A historic name in cruise, Swan Hellenic, sailed into the future last week with the naming of SH Diana, the third and biggest ship of the reborn company.
Swan Hellenic was founded in 1950 and is gearing up for the 70th anniversary of its first voyage in 1954. It has always been the go-to name for those with a love of the past, exploring the ancient world in a considered manner, rather like touring the world in a cosy clubroom.
The new-look company takes that British history and combines the tradition with a comfy, contemporary feel, each ship newly built. And these are expedition ships, built to explore.
A guest at the ceremony was Elizabeth, daughter of Kenneth Swan.
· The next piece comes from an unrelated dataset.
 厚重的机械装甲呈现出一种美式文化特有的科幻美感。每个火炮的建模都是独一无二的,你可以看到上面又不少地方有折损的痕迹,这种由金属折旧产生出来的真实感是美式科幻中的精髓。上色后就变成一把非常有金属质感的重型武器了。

Kenneth was the son of founder WF Swan (himself formerly private secretary of Sir Henry Lunn, who founded the Hellenic Travellers Club with Lord Byron in 1906), joining the family firm in the 1930s while still in his teens and being central to the cruise company’s earliest days.
About Swan Hellenic Diana
SH Diana, as with sisters SH Minerva (the third ship to bear the name) and SH Vega, looks very much the part, strikingly solid as befits an icebreaker-class vessel that will sail from pole to pole and part of a maritime tradition in tern-blue livery.
While being the biggest Swan Hellenic ship, SH Diana still only carries 192 guests (against 152 on the others), making her small enough to visit the globe’s hidden delights, whether slipping amongst glaciers and ice floes or docking in colourful ports up and down both the east and west coasts of Africa, a Swan Hellenic speciality.
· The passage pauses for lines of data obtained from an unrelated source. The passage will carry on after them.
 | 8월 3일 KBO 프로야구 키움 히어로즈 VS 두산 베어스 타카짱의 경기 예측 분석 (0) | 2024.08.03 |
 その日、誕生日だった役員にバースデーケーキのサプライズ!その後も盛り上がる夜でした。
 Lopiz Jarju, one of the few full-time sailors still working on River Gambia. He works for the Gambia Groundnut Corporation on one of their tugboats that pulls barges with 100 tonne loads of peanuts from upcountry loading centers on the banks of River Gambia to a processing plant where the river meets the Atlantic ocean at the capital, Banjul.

The pale décor of the large lounge is dotted with busts of fossils and Mediterranean-inspired objects. Again very fitting as Swan Hellenic started when British travel agent Swan’s Tours, a father-and-son business, was asked to arrange a trip taking in Greece’s antiquities and chartered a ship. That evolved into a programme of ‘cultural cruising’, expeditions in style, concentrating on Greece and Turkey as well as other spots in the Aegean and eastern Med, straying as far as Egypt.
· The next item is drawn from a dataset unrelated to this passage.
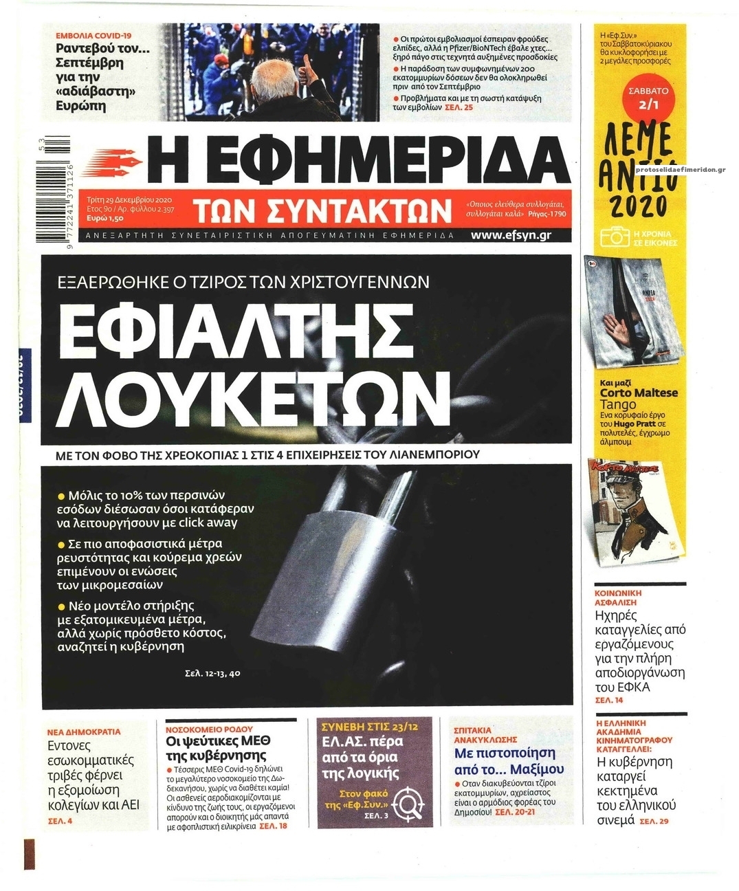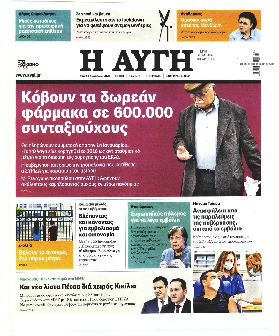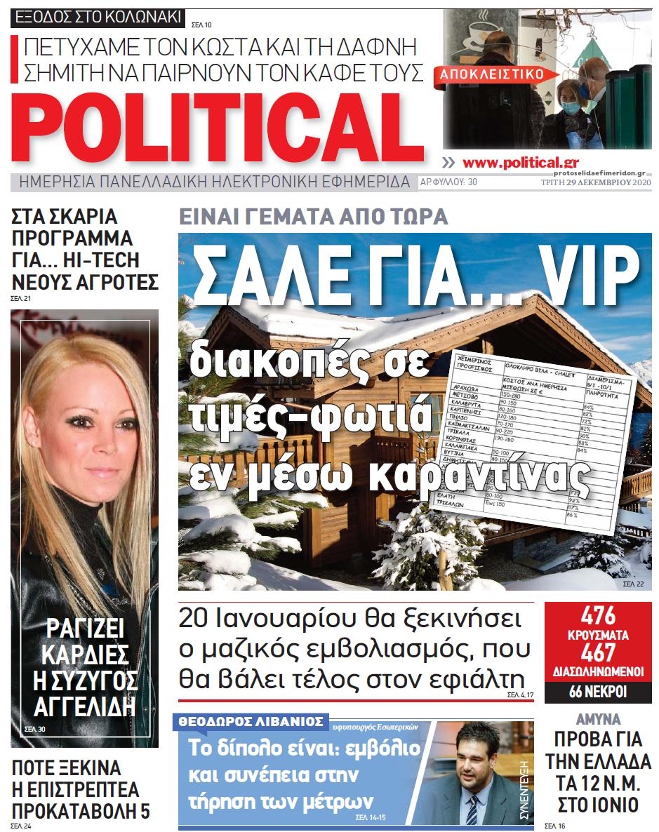 NewsMEDIA Διαβάστε όλα τα πρωτοσέλιδα των πολιτικών εφημερίδων της Τρίτης 29 Δεκεμβρίου 2020 FacebookTwitterEmailViberWhatsAppCopy URLΤυπώνω Διαβάστε όλα τα πρωτοσέλιδα των πολιτικών εφημερίδων της Τρίτης 29 Δεκεμβρίου. Πλήρης ενημέρωση με μια γρήγορη ματιά!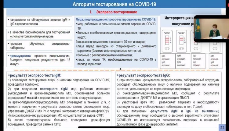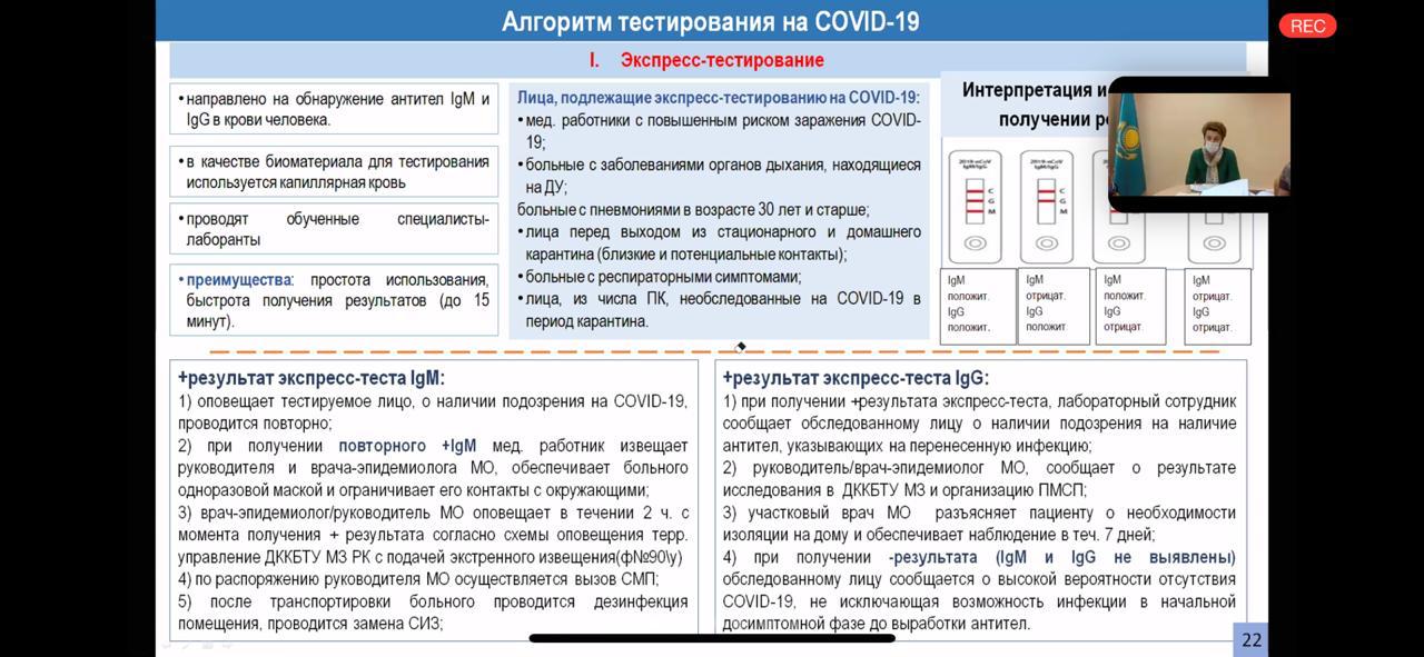 Также, она подчеркнула алгоритм тестирования на COVID-19, которая включает экспресс-тестирование и тестирование методом ПЦР.

That continued 30 years until the business was bought out and various ownerships saw it finally disappear in 2017. The name was bought by Italian cruise executive Andrea Zito and three ships were commissioned from a Helsinki shipyard with cruises starting in 2022.
SH Diana combines the feel of a boutique hotel and a smart cruise ship with a small infinity pool at the rear, a spa with a sea-view sauna and gym and outdoor hot tub, a library and a lounge that extends from side to side of the ship.
Most drinks are free, leading to a chatty atmosphere with everybody on board happily in the same boat.
Adventures involve Zodiac inflatable excursions to see polar bears and deserted bays, sun-drenched villages and abandoned Antarctic camps, all led by a top team of guides.
One is Brit Anthony Jinman who has skied to both ends of the earth, his 2013 solo South Pole adventure taking in 730 miles across 46 days. He came on board in 2022 when his expedition to the Antarctic interior became stranded and he and his team were rescued by HM Minerva – and he’s barely been home since.
There’s an excursion included in every port and can include kayaking and hiking but most are for those who don’t feel the need to exert themselves. A string of lecturers includes experts on nature and science from California’s SETI Institute.
Gastronomy on SH Diana
Food has also been designated an adventure involving a new team-up with JRE-Jeunes Restaurateurs, a pan-European grouping of 375 restaurants and feted young chefs, including Michelin-starred Kenneth Culhane, head chef of the Dysart Petersham, near the Thames in Richmond.
The Maris programme not only brings a different chef on board each cruise, it also means cookery demonstrations, lectures and excursions taking in everything from fishing to foraging plus many culinary traditions.
*SH Diana (swanhellenic.com) is spending summer 2023 in the Arctic and the fjords before heading down through the Med, along Africa and into Antarctica for the winter.